Chapitre 11 : Je n’ai jamais vu personne d’aussi stupide.


Depuis qu’il avait transmigré, la crainte de Xiao YuAn n’était pas de s’ennuyer sans TV, de désespérer sans WiFi ou bien d’agoniser sans climatisation. 

Non, son vrai problème, c’était bel et bien qu’il ne puisse pas dormir.

 Il ! Ne ! Pouvait ! Pas ! Dormir !

Après s’être mis au lit et avoir tourné et tourné sans trouver le sommeil, il s’était relevé pour aller embêter Yang LiuAn, qui était de garde la nuit devant l’entrée du palais. 

Le garde Yang était dérouté, mais malgré ça, il avait quand même accompagné Xiao YuAn pour parler de tout et de rien. 

Xiao YuAn : “La mer est remplie d’eau. Le cheval a quatre pattes. Ciel je veux juste dormir.”

L’une des commissures des lèvres de Yang LiuAn avait des tics nerveux à force, et son coeur manquait des battements, mais en tant que garde du corps impérial, son devoir était d’écouter les pensées de Xiao YuAn avec soin et attention. 

“Au fait, LiuAn, as-tu de la famille ?” Xiao YuAn s’était perdu dans ses pensées, et avait posé la question sans préambules. 

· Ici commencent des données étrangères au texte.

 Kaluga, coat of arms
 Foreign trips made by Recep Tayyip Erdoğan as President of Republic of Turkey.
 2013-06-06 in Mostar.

“Pour répondre à Votre Majesté, non, je n’en ai pas.”

“Où sont tes parents ?”

Yang LiuAn hésita un moment et répondit en toute franchise : “Cet humble garde est né d’une servante, et ne connaît pas son père. il a grandit dans le palais et gagné les faveurs de Feu l’Empereur, puis un poste de garde impérial. Maintenant, cet humble servant travaille pour Votre Majesté et ne souhaite que se dédier à sa tâche, quitte à mourir pour vous.”

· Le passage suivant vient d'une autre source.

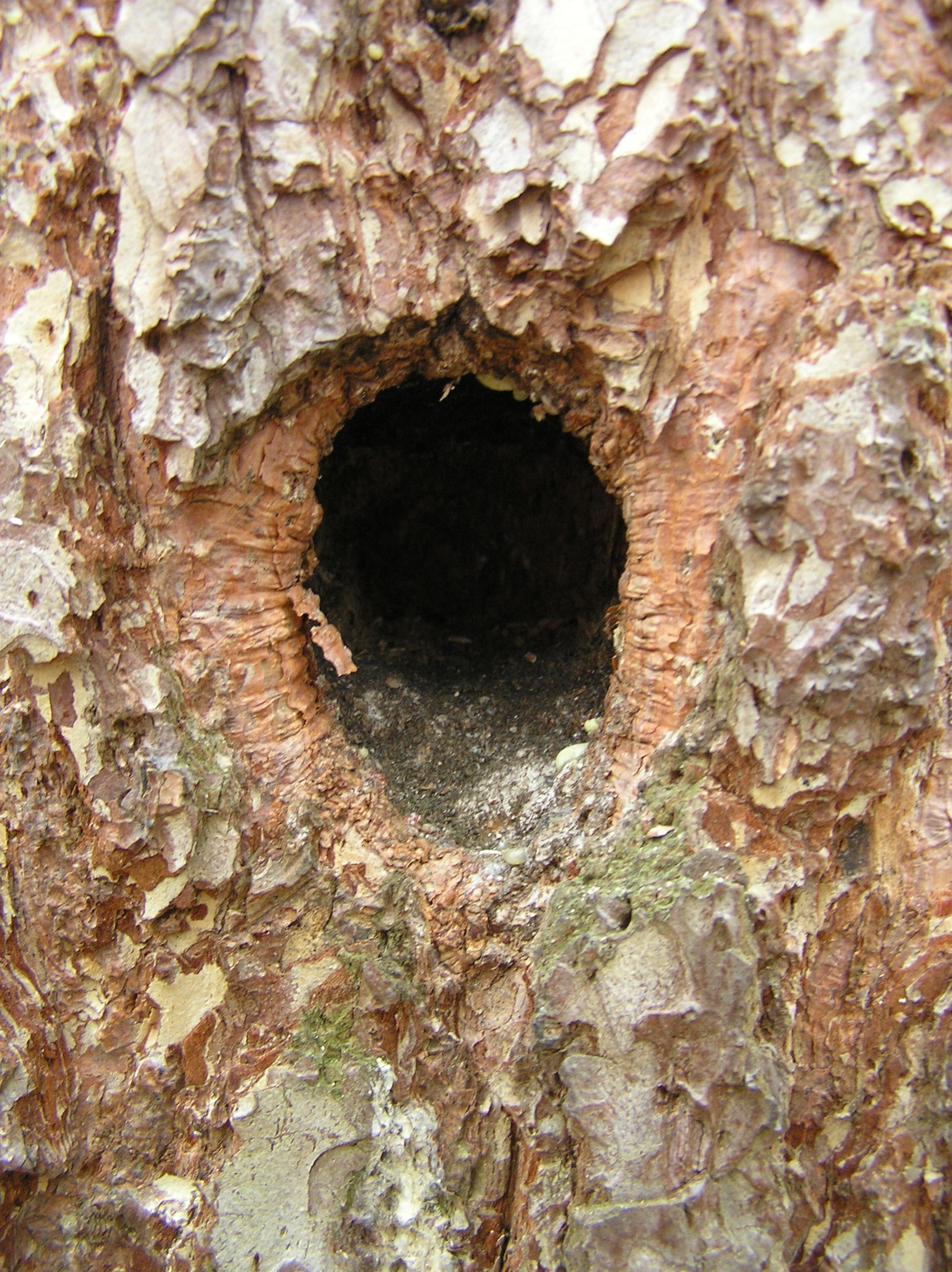 hollow dug by Dendrocopus sp. in Pinus sylvestris, Brok, Poland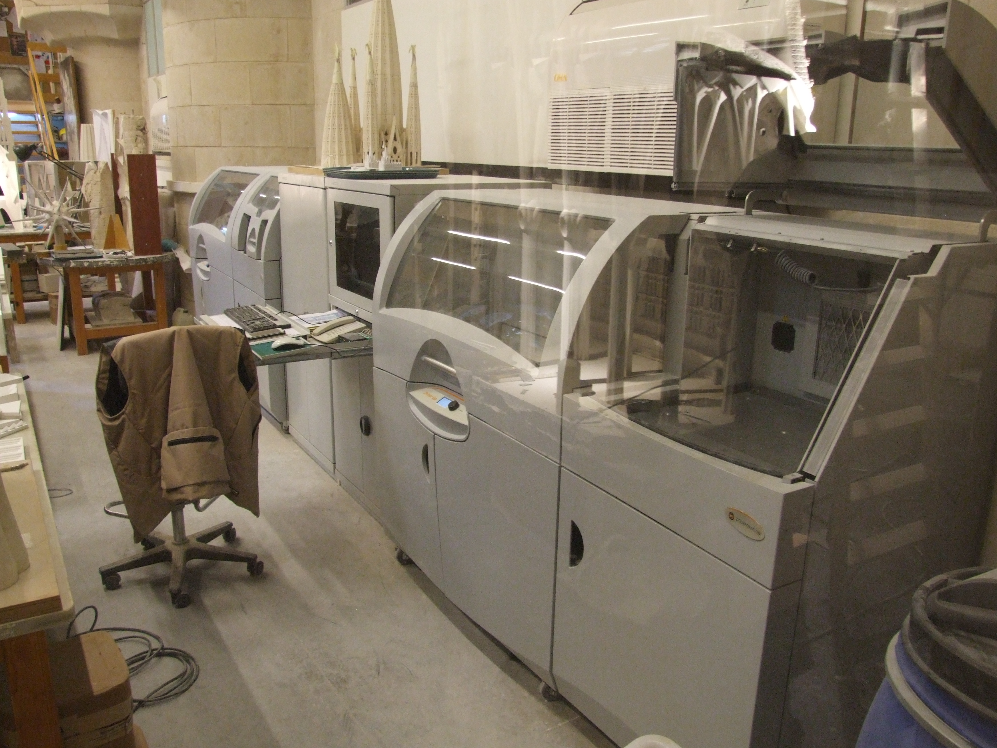 3D printer at the fabric of the Sagrada Familia, which are used for the fabrication of models of complex architectural forms of Antonio Gaudi. Manufacturer of the equipment is the Z coperation.

C’est là que Xiao YuAn s’était rappelé que Yang LiuAn mourait découpé en morceaux dans le novel original. Il se renfrogna et se sentit assez mal à l’aise pour changer de sujet. 

Après avoir parlé de tout et de rien pendant un moment, Xiao YuAn se rappela que le jeune monarque avait la particularité d’être un manche coupé. Il eu peur que s’ils continuaient ainsi, l’innocence de Yang LiuAn ne pourrait plus être préservée et décida de rentrer et se remettre au lit. 

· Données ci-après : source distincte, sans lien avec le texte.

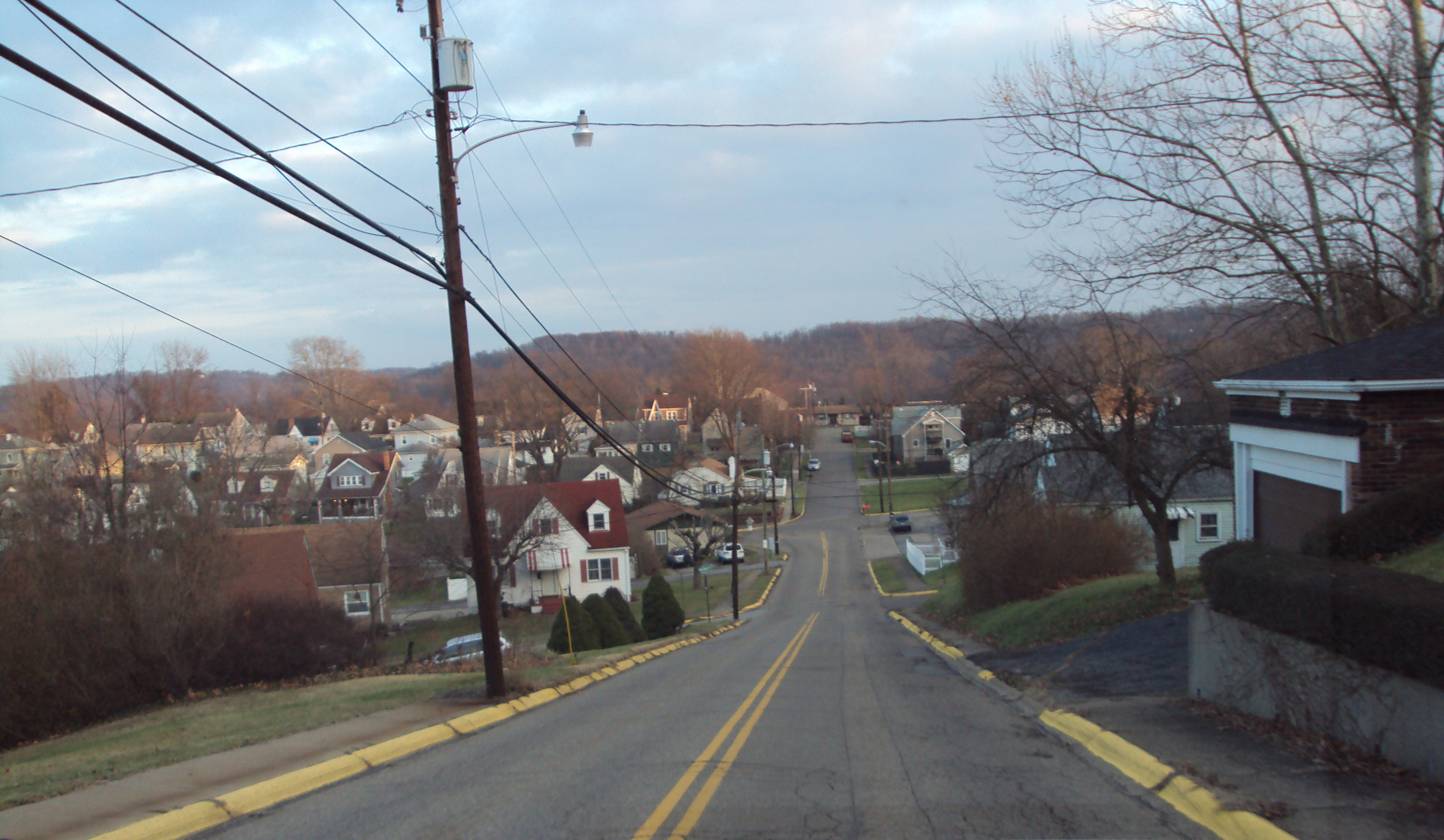 The Marland Hights District of Weirton, West Virginia. Compared to the downtown picture, it shows the difference in the distinct neighborhoods of Weirton. Other information The Marland Hights District of Weirton, West Virginia. Compared to the downtown picture, it shows the difference in the distinct neighborhoods of Weirton.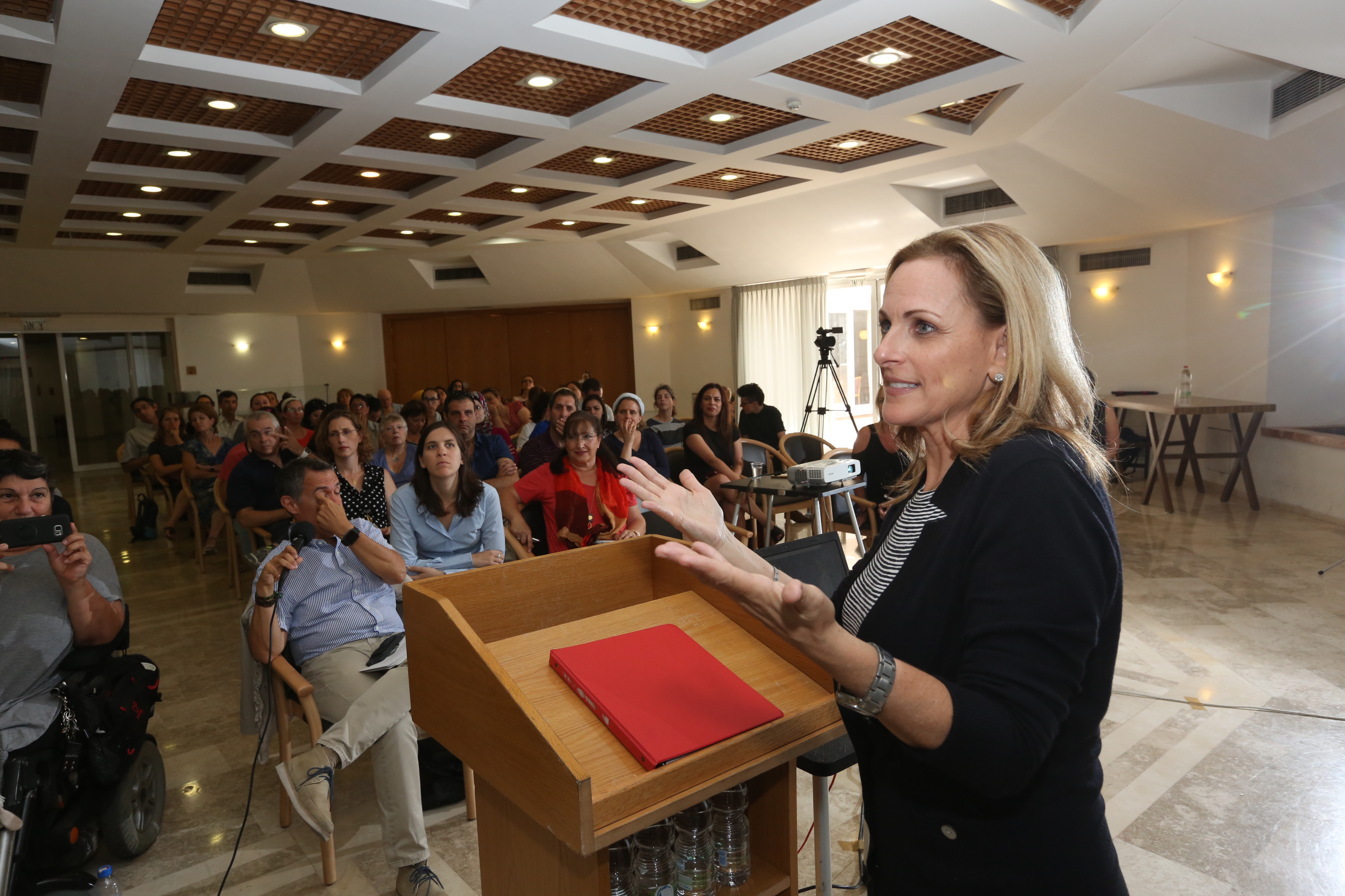 Marlee Matlin, the Oscar-winning Deaf Hollywood actress, spoke at the Maiersdorf Conference Center at the Mount Scopus Campus of the Hebrew University of Jerusalem. The meeting was organized by the Disability Studies Center in the Baerwald School of Social Work and Social Welfare, with the support of the Ruderman Family Foundation and the Joint Distribution Committee in Israel. In the meeting, Matlin talked about People with Disabilities in the Media.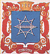 Coat of Arms of Suksunsky rayon, Perm krai, Russia, 1999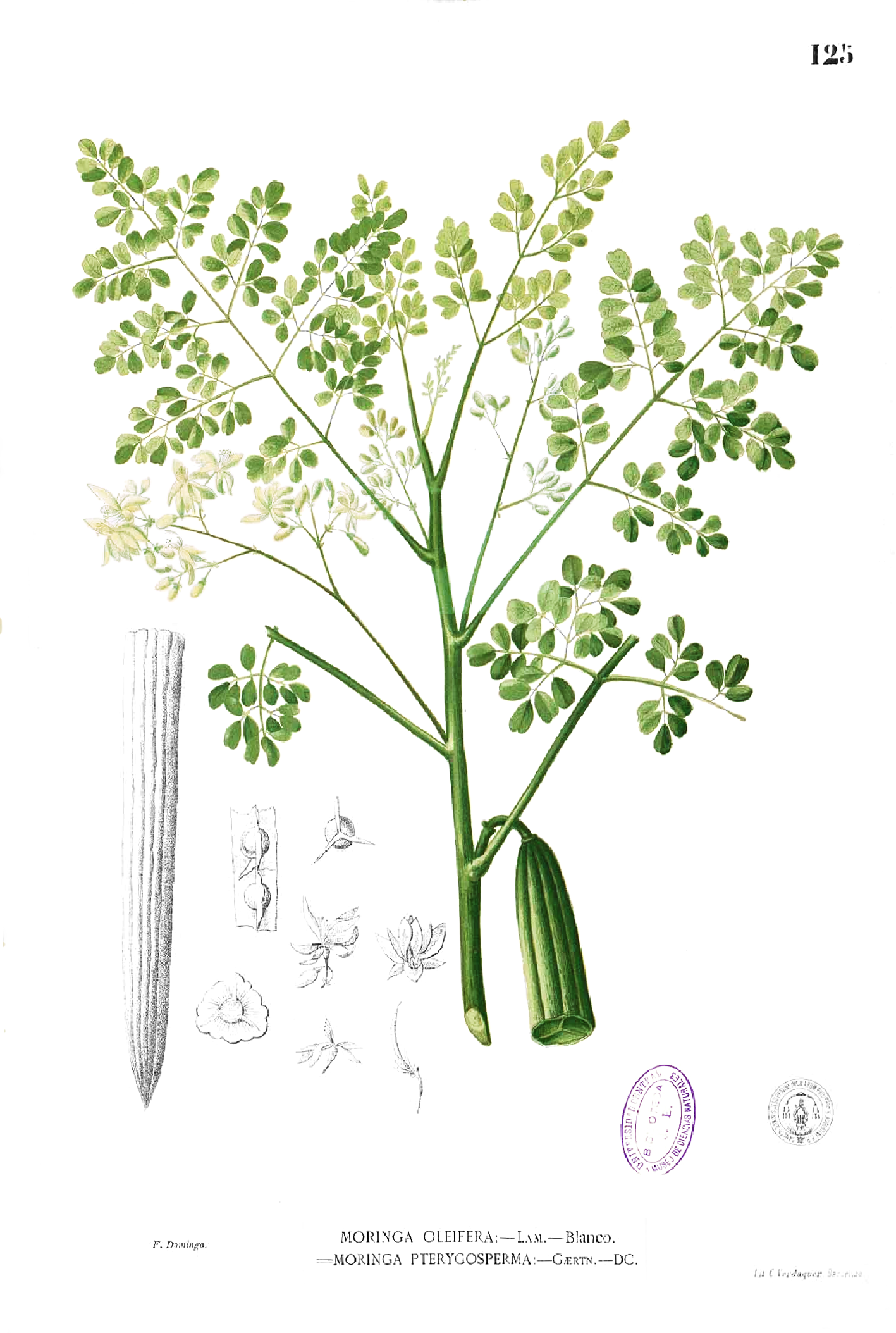 Plate from book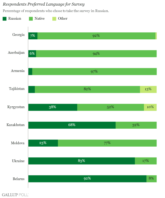 Gallup Poll results underscore the prevalence of national language use over Russian; when asked in what language they preferred to conduct the Gallup interview, only respondents in the Ukraine, Kazakhstan, and Belarus overwhelmingly chose Russian. Ukraine and Kazakhstan retain larger Russian populations. In Belarus, where the interethnic differences between the Belarusians and Russians are minimal, Russian is one of the official languages.

Après être resté longtemps à attendre, il vit la flamme de la chandelle vaciller dans le couloir du palais. C’était Hong Xiu. 

“Votre Majesté, dormez-vous ?”

“Quoi ? Non, je ne dors pas, qu’est-ce qui se passe ?” Demanda Xiao YuAn. 

Hong Xiu portait une lanterne dans une main et un bol de porcelaine dans l’autre. “Cette servante a entendu par le garde Yang que Votre Majesté ne pouvait pas dormir la nuit, alors j’ai préparé une soupe apaisante.”

Le coeur de Xiao YuAn se réchauffa. Dans cette histoire, où toutes les filles n’ont d’yeux que pour le protagoniste, Hong Xiu tu es unique ! [1]

Et en plus, elle savait aussi que le jeune empereur ne pouvait pas changer son penchant pour les hommes, qu’il n’y avait aucun désir d’intimité amoureuse entre eux, ou quoi d’autre ! Elle connaissait très bien son tempérament, donc… 

Xiao YuAn eu soudain une idée et demanda à sa femme de chambre “Je n’ai pas besoin de la 

soupe, mais peux-tu rester près de moi et attendre que je m’endorme ?”

Hong Xiu était stupéfaite : “Est-ce que Votre Majesté s’ennuie cette nuit ? Pourquoi ne demandez-vous pas à cette servante d’appeler un concubin pour vous divertir ?”

N’appelle pas ces petits diablotins, je ne suivrai pas la voie du PDG tyrannique ! Dès qu’ils seront arrivés, ils se colleront à moi comme si j’étais un délicieux plat de résistance. Je ne pourrai plus m’en débarrasser ! 

Xiao YuAn refusa humblement : “Non, j’ai décidé de me plier aux principes des cieux et de refuser tous les désirs humain.” [2]

“Re-Refuser tous les désirs humains ?” Hong Xiu s’était presque mordu la langue, choquée “Votre Majesté, pourquoi souhaitez-vous soudain devenir si humble !”

Après avoir prononcé cette phrase, Hong Xiu avait voulu ravaler ses mots immédiatement. Elle s’était tout de suite agenouillée, en panique : 

“Cette humble femme de chambre a été impudente, je demande à Votre Majesté de punir cette pauvre esclave.”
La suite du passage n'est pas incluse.